Viviamo in un’epoca in cui sembra sempre più difficile accettare le sfumature e le complessità della realtà. Siamo costantemente sommersi da narrazioni semplificate che riducono ogni questione a una lotta tra bene e male, tra vincitori e vinti.
È la televisione una dei più grandi colpevoli, dove oramai i talk show e i dibattiti sono strutturati “come nella boxe”, direbbe Omar Calabrese: gli ospiti sono schierati su sponde opposte che devono difendere strenuamente.
Dire che la televisione sia una dei più grandi colpevoli è tanto vero quanto falso, alla fin fine la televisione trasmette quello che piace al pubblico. Chi programma i palinsesti e chi cerea dei nuovi formati lo sa bene: la televisione è come uno specchio nel quale si riflette la nostra immagine. Non c’è fatto di cronaca o di politica che non si semplifichi in un aut aut. Il problema non diventa più se è trattato un tema politico o sociale o di cronaca. L’approccio è, infatti, manicheo. Con i taxi o si solidarizza o si condannano; con i balneari si è d’accordo oppure si reputano il male della nazione; Chico Forti torna in Italia ed è il martire o l’ergastolano. Ogni argomento diventa uno scontro campale in cui bisogna schierarsi da una parte o dall’altra, senza possibilità di dialogo o di sintesi.
Nel modello televisivo si è accentuata, con la Seconda Repubblica, la spettacolarizzazione. Prima di allora il panorama televisivo era fatto anche di programmi che cercavano di sviscerare i fatti, che tentavano di far sentire una pluralità di voci e di confronti. È solo per nostalgici aggrapparsi al ricordo dei vecchi programmi televisivi come Tribuna Elettorale/Politica o Ring dove vi era un confronto largo dei politici con una platea di giornalisti che volevano entrare nel merito delle questioni.
È proprio con la Seconda Repubblica che la personalizzazione della politica e dei leader si fortifica sempre di più. Non a caso compariranno programmi televisivi come “O di qua o di là” e “Braccio di ferro” dove la contesa diventava frontale e che già nel nome mostravano quello in cui si apprestava a trasformarsi il dibattito politico e non solo.
Anche coltivando per anni questi modelli siamo arrivati dove siamo adesso.
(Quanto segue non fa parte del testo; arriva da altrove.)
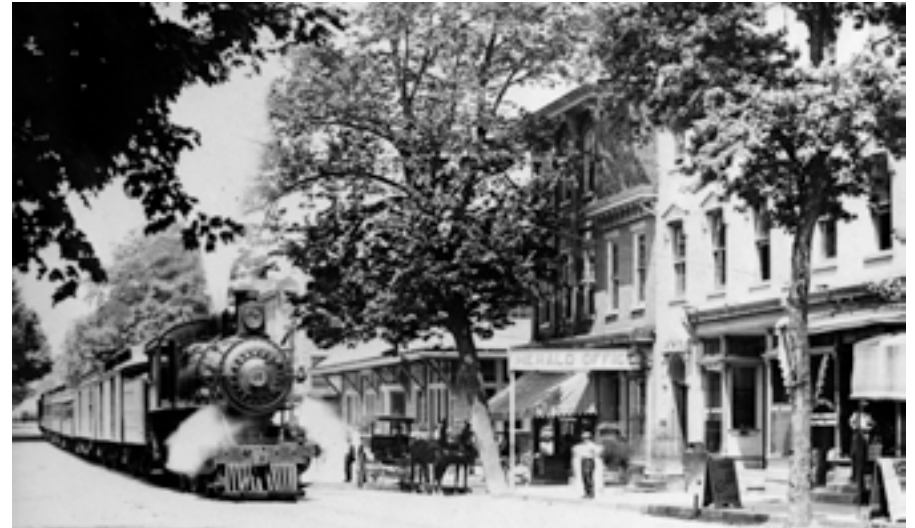
The Carlisle “train station,” circa 1907.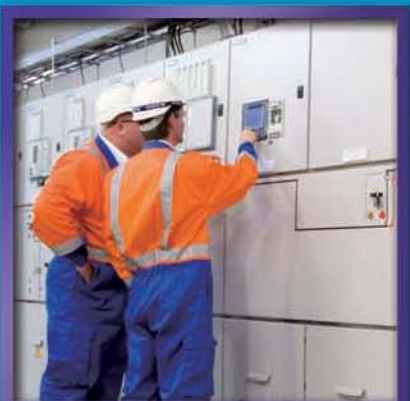
Infrastructure Investment in NEW ZEALAND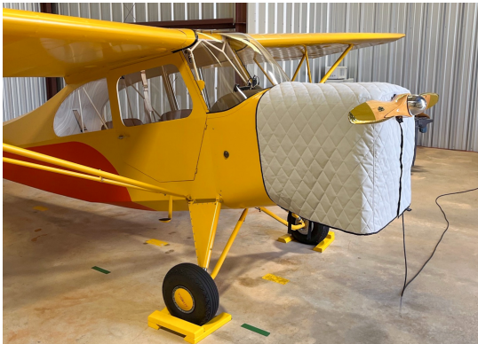
Aeronca 7AC Insulated Hangar Blanket, interior use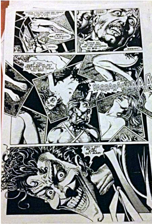
Picture 6. Original inked artwork for page 26, before editing (see picture 5).

Le discussioni non solo in televisione, ma anche nella nostra vita quotidiana, sono diventate tutto un essere O di qua o di là, essendo sempre più proiettati a pensare in termini di vittoria o sconfitta, diventa difficile accettare compromessi, mediazioni.
I talkshow attuali anche scenograficamente sono strutturati in divisioni: un tavolo con due pro guerra e due antiguerra dall’altro lato, due sgabelli da un lato per chi è di sinistra ed altri due per chi è destra dall’altro lato e noi da casa a guardarli azzuffarsi sperando che la posizione che tifiamo riesca a sopraffare l’altro nel dibattito.
Lotta e polarizzazione ci piacciono, evocano i nostri sentimenti più primordiali. E’ come essere tornati al Colosseo.